CAPITALAND’S initial public offering (IPO) of its retail arm CapitaMalls Asia (CMA) to raise up to $2.8 billion is Singapore’s second-biggest IPO since Singapore Telecommunications (SingTel) raised more than $4 billion in 1993.
The meaty offering is drawing a lot of pent-up demand from institutional and retail investors. Over the past week, numerous people (including a few colleagues) have asked this reporter if they should buy into the IPO. They have been told (firmly) to consult their financial advisers. But having said that, a few things are worth noting:
1) At $2.12 a share, the IPO is priced on the conservative side, below the midpoint of an earlier indicative range of $1.98-$2.39 a share. Sources said that the IPO could have been priced higher, but the conservative pricing was decided on for CMA to fare well in its trading debut on Nov 25. Looking at CapitaLand’s track record, chances are that the stock will be ‘in the money’ when it starts trading.
2) The question then becomes: Should an investor buy CMA at the IPO stage, and then sell the shares after a suitable gain? Or should they hold onto it for the long term?
Strong fundamentals
This is debatable. On the surface, the fundamentals of CMA, which is now CapitaLand’s crown jewel, are strong. The new company manages and has interests in 86 retail properties worth $20.3 billion in Singapore, China, Malaysia, Japan and India.
Investors here will be familiar with CMA’s successful Singapore malls such as Raffles City, Plaza Singapura and the newly opened ION Orchard. Currently, CMA gets the bulk of its earnings from the malls here.
For the nine months ended Sept 30, 2009, Singapore accounted for 70.4 per cent of earnings before income tax (Ebit). China, the second largest market, contributed 20.1 per cent to Ebit, followed by Malaysia (9.5 per cent).
However, the risk profile of CMA is set to change in a few years’ time as the China business grows quickly. Of the 86 malls in CMA’s portfolio, 50 are in China. And of these 50 malls, 18 are under construction. Eleven will be completed in 2011 and beyond.
At this point in time, there is still concern that China’s current strong performance is a bubble. And if it does turn out to be a bubble which bursts in, say, 2011, shareholders of CMA could be left in a situation where there are still 11 malls in the pipeline in China.
3) Investors should not forget that CMA is a growth platform. It is therefore riskier than the group’s retail trust CapitaMall Trust (CMT), which derives its income from stabilised Singapore retail properties. Investors looking for stable dividend payout should therefore park their money with CMT instead.
However, for those looking for growth, CMA is a better bet. And this is where the company’s exposure to China could come in handy. The 23 operational malls (malls that are completed and have been operational for more than one year) in China have a net property income yield of 5.7 per cent, with just 93.5 per cent occupancy. Yields will no doubt climb as occupancy gets higher.

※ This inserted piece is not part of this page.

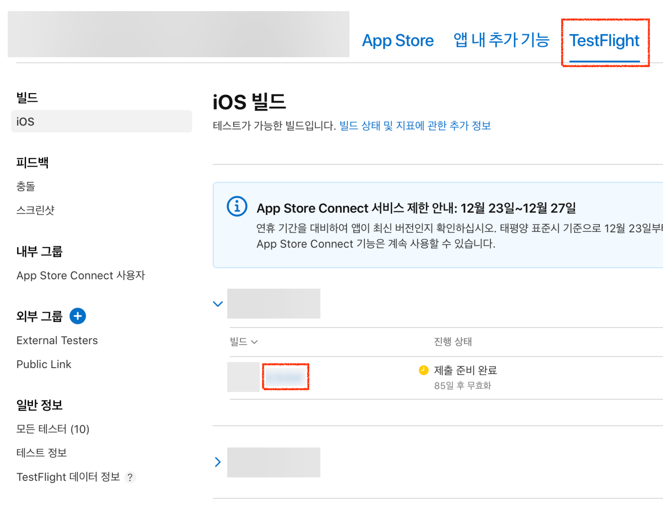1. TestFlight탭에 들어가 dSYM을 받고싶은 빌드를 클릭해줍니다.

By contrast, the 14 operational malls in Singapore have a smaller net property income yield of 5.5 per cent, even though occupancy, at 99.1 per cent, is higher.
4) To buy or not to buy? Evaluate your risk appetite. (Or consult your financial adviser).
A much-needed IPO
CMA’s listing is a much-needed show of faith in the Singapore market by one of the largest property groups in Asia.
It comes on the heels of a slew of large IPOs in neighbouring stock exchanges. Analysts predict that Malaysian mobile phone operator Maxis Bhd’s US$3.3 billion IPO – the biggest ever in South-east Asia – has the potential to raise the international profile of the Malaysian market.
And needless to say, Hong Kong has drawn a slew of large listings over the past few years. Reports yesterday said that China Minsheng Banking Corp, the country’s seventh-largest listed bank, raised US$3.9 billion in its Hong Kong IPO.
Macau-based Sands China, a unit of Las Vegas Sands, also has plans to raise up to US$3.8 billion in a Hong Kong IPO.
Response from institutional investors for CMA’s public offering has been very strong.
The placement tranche of 1.059 billion shares is likely to be oversubscribed, and the 174.78 million over-allotment shares should also be taken up, sources said.
The listing will help restore some lustre to the Singapore market.